▶ _Records shown_
┄┄┄┄┄┄┄┄┄┄┄┄┄┄┄┄┄┄┄┄
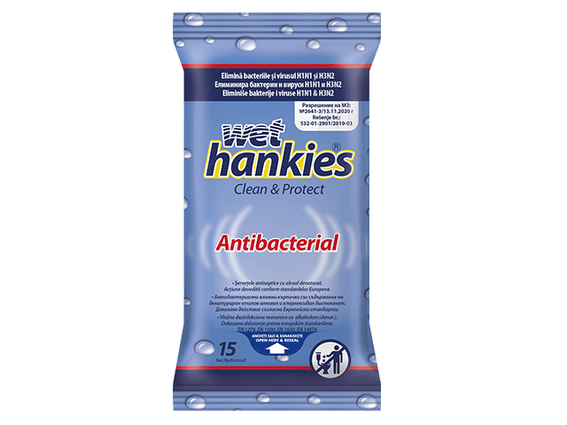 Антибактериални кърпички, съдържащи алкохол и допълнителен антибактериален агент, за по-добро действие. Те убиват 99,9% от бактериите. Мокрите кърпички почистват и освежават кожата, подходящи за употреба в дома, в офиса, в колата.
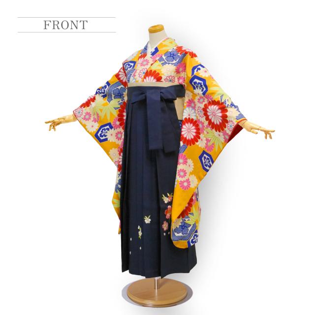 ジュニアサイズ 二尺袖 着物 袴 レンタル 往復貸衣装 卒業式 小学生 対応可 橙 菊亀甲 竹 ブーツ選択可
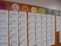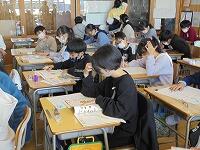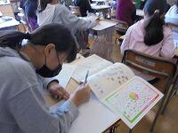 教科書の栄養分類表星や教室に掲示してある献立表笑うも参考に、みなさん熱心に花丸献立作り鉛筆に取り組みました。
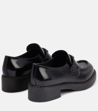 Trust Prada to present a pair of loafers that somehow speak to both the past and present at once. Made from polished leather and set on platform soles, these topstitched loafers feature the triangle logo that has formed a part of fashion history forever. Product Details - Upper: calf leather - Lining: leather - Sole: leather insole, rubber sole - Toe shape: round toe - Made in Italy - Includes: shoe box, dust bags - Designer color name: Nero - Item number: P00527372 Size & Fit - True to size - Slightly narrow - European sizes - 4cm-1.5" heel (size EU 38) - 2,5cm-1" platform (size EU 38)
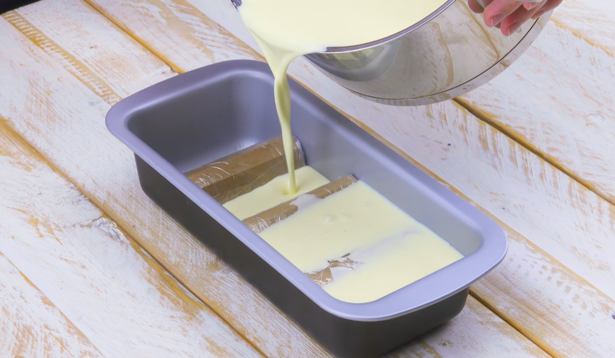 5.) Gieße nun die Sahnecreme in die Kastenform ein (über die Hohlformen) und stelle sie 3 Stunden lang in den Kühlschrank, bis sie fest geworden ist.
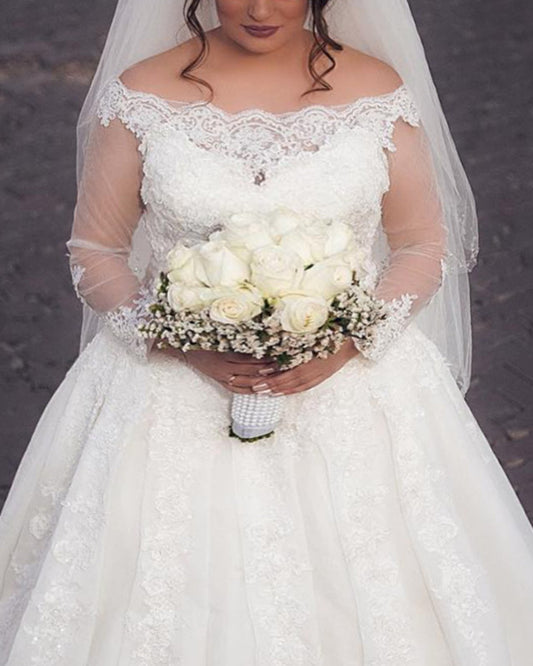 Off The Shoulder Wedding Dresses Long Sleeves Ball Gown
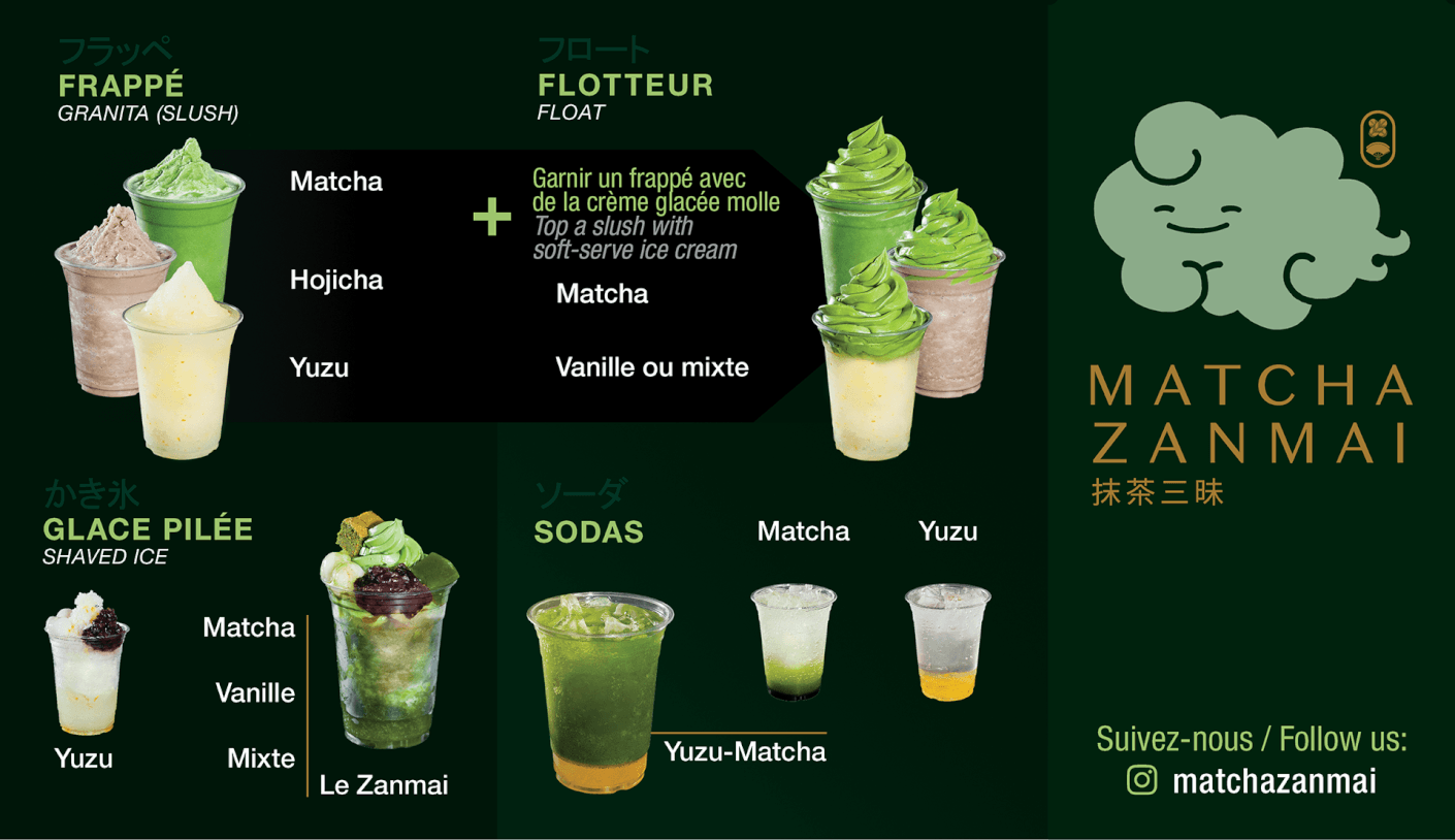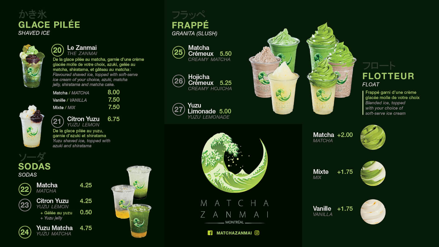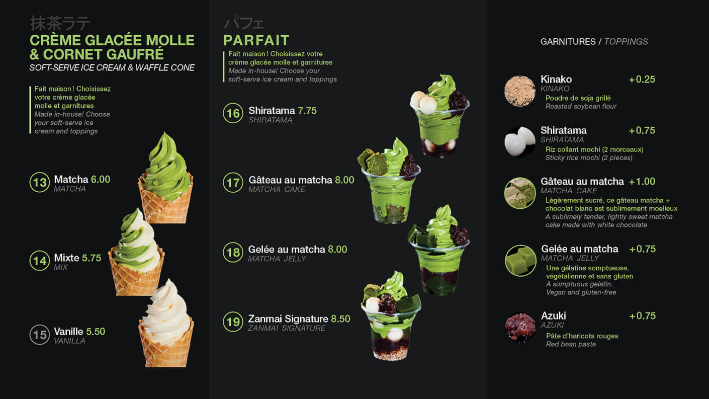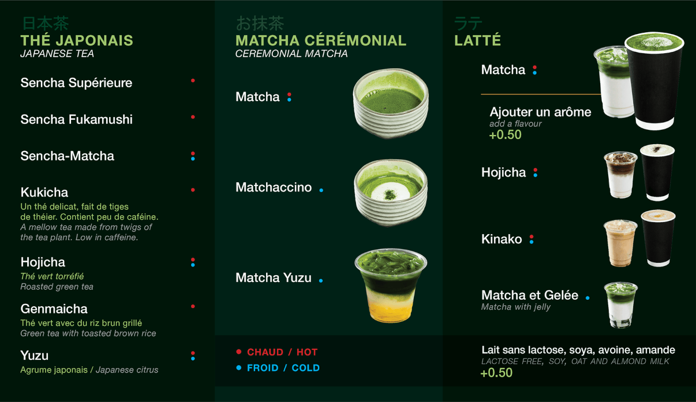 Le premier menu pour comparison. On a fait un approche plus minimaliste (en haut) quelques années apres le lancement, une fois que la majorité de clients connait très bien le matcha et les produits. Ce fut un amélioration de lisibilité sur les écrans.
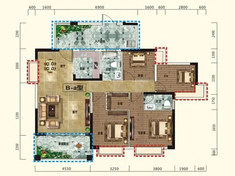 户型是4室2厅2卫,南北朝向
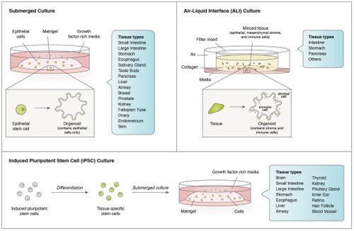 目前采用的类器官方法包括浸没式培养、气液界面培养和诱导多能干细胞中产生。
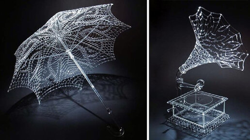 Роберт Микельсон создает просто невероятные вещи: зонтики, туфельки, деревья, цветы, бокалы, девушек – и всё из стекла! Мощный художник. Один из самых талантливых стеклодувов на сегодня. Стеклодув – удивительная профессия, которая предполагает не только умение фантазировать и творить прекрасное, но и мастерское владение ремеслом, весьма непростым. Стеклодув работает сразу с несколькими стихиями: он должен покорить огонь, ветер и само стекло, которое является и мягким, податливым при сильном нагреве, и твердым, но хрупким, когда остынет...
┄┄┄┄┄┄┄┄┄┄┄┄┄┄┄┄┄┄┄┄
▶ _Brief_
Restate word for word each line from the one containing "目前采用的类器官方法包括浸没式培养、气液界面培养和诱导多能干细胞中产生。" through the end of the material, pictures excluded.

▶ _Solution to this exercise_
 目前采用的类器官方法包括浸没式培养、气液界面培养和诱导多能干细胞中产生。
 Роберт Микельсон создает просто невероятные вещи: зонтики, туфельки, деревья, цветы, бокалы, девушек – и всё из стекла! Мощный художник. Один из самых талантливых стеклодувов на сегодня. Стеклодув – удивительная профессия, которая предполагает не только умение фантазировать и творить прекрасное, но и мастерское владение ремеслом, весьма непростым. Стеклодув работает сразу с несколькими стихиями: он должен покорить огонь, ветер и само стекло, которое является и мягким, податливым при сильном нагреве, и твердым, но хрупким, когда остынет...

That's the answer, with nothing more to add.